Introducing the First Gold Standard Dataset for the Recommendation of Research Papers with Mathematical Content

In this repository, we include the first gold standard dataset for recommending scientific research articles with mathematical content. Along with the dataset, we provide scripts used to construct the dataset and to run an example evaluation.

Overview of the repo

dataset : Contains recommendations pairs and their contents. (For the content of each file and descrption, please refer to the "dataset" folder)
src: Contains python scripts required to come up with the representative seed articles. Additionally, scripts required to use the dataset for evaluating a recommendation system approach. (For the content of each file and descrption, please refer to the "dataset" folder)

Dataset

As of April-2023, there are 421 recommendation pairs with 80 seed research articles.

1. Recommendation pairs.

All recommendation pairs are available "dataset/recommendationPairs.csv" are with their zbMATHOpen_ID. For example: The research article with ID:1566951 is "Noncommutative symmetric algebras of two-sided vector spaces." Sample recommendation pairs from the curated dataset.

Seed	1st recommendation	2nd recommendation	3rd recommendation	4th recommendation	5th recommendation
1566951	4181495	930151	5083606	1579464	6338806
1363213	1445144	1036371	6225939	2165994	1801581
1308161	1356576	4193896	5638157	5007259
1303018	951967	5354085	5120555	427914	224045
1591097	5049067	3867686	1758339	2136591

The first column represents the seed research articles and subsequent columns ranked recommendations.
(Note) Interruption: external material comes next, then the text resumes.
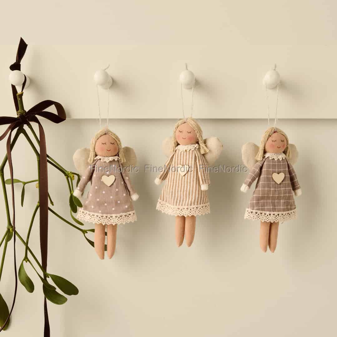 - En trio af unikke personligheder: Du modtager et afstemt sæt med tre engle, hver med en unik kjole i tern, striber eller prikker, som giver dig mulighed for at skabe en harmonisk og varieret dekoration.
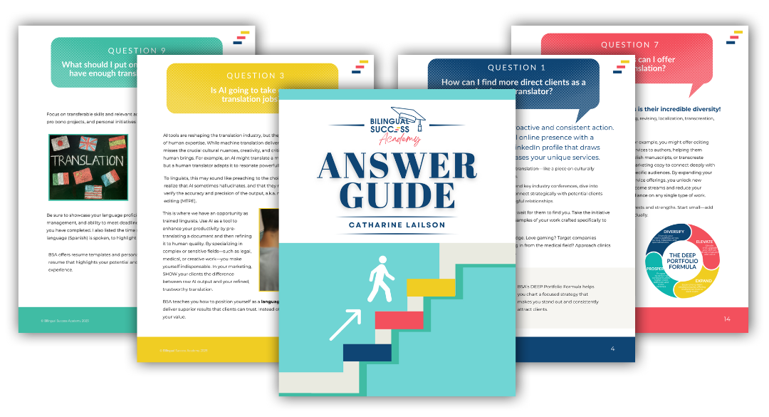 Speaking two languages is a gift, but without training and strategy, you won't be able to unleash its full potential. Too many talented bilinguals are stuck in low-paying projects, inconsistent workflows, and unpredictable income. That’s why I created Bilingual Success—a step-by-step system to help you turn your language skills into predictable freelance income. Because let’s be real—freedom, flexibility, and financial security shouldn’t be left to chance.Â

The recommendations are ranked according to the decreasing order of relevancy. In order to find research articles manually in zbMATH Open, search at "https://zbmath.org/" with the prefix an (for example: "an:1566951") or via URL requests directly given the search query with “an:” prefix. For example: https://zbmath.org/?q=an%3A1566951 where %3A is the URL encoding of the colon :

2. Document contents.

Each research article's contents such as title, abstract/review/summarry, authors, MSC codes, Full-text link, references, etc are available in dataset/documentContents.csv.

Example research article from the file:

zbMATH_ID	Title	Abstract/Review/Summarry	Authors	Keywords	MSCs	Full text link	References
10342	Maximal contact ......	The author proves the following theorem: Fix an infinite......	Cossart V.....	Samuel stratum and desingularization.....	[{code: 14E15...	https://doi.org/10.1215/S0012-7094-91-06303-9	S. Abhyankar: Resolution of.....

Additionally, contents from any research article from zbMATH Open can be fetched via zbMATH Open API directly downloaded from the official repository on zenodo repository.

Example use case of dataset

We demonstrate an example evaluation of recommendation approaches with our dataset. For generating recommendations, we consider zbMATH Open collection. The collection contain 4.5 million documents. To rank recommendations, first we use the BM25 algorithm (a modified TF-IDF scheme) with cosine similarity provided by the default search capability of Elasticsearch(ES).Second, we utlize language models to generate embeddings and then use cosine similarity to get relevant recommendations.

Elasticsearch Versions used
1. Elasticsearch: 7.9.3
2. Kibana (only for testing purposes, not neede to run evaluation): 7.9.3

The following table includes scripts and its corresponding functinality for perfoming example evaluation. Our scripts include experiments sufficient to run on a local system. However, we expect that at least 20 GB of free space is available for Elasticsearch.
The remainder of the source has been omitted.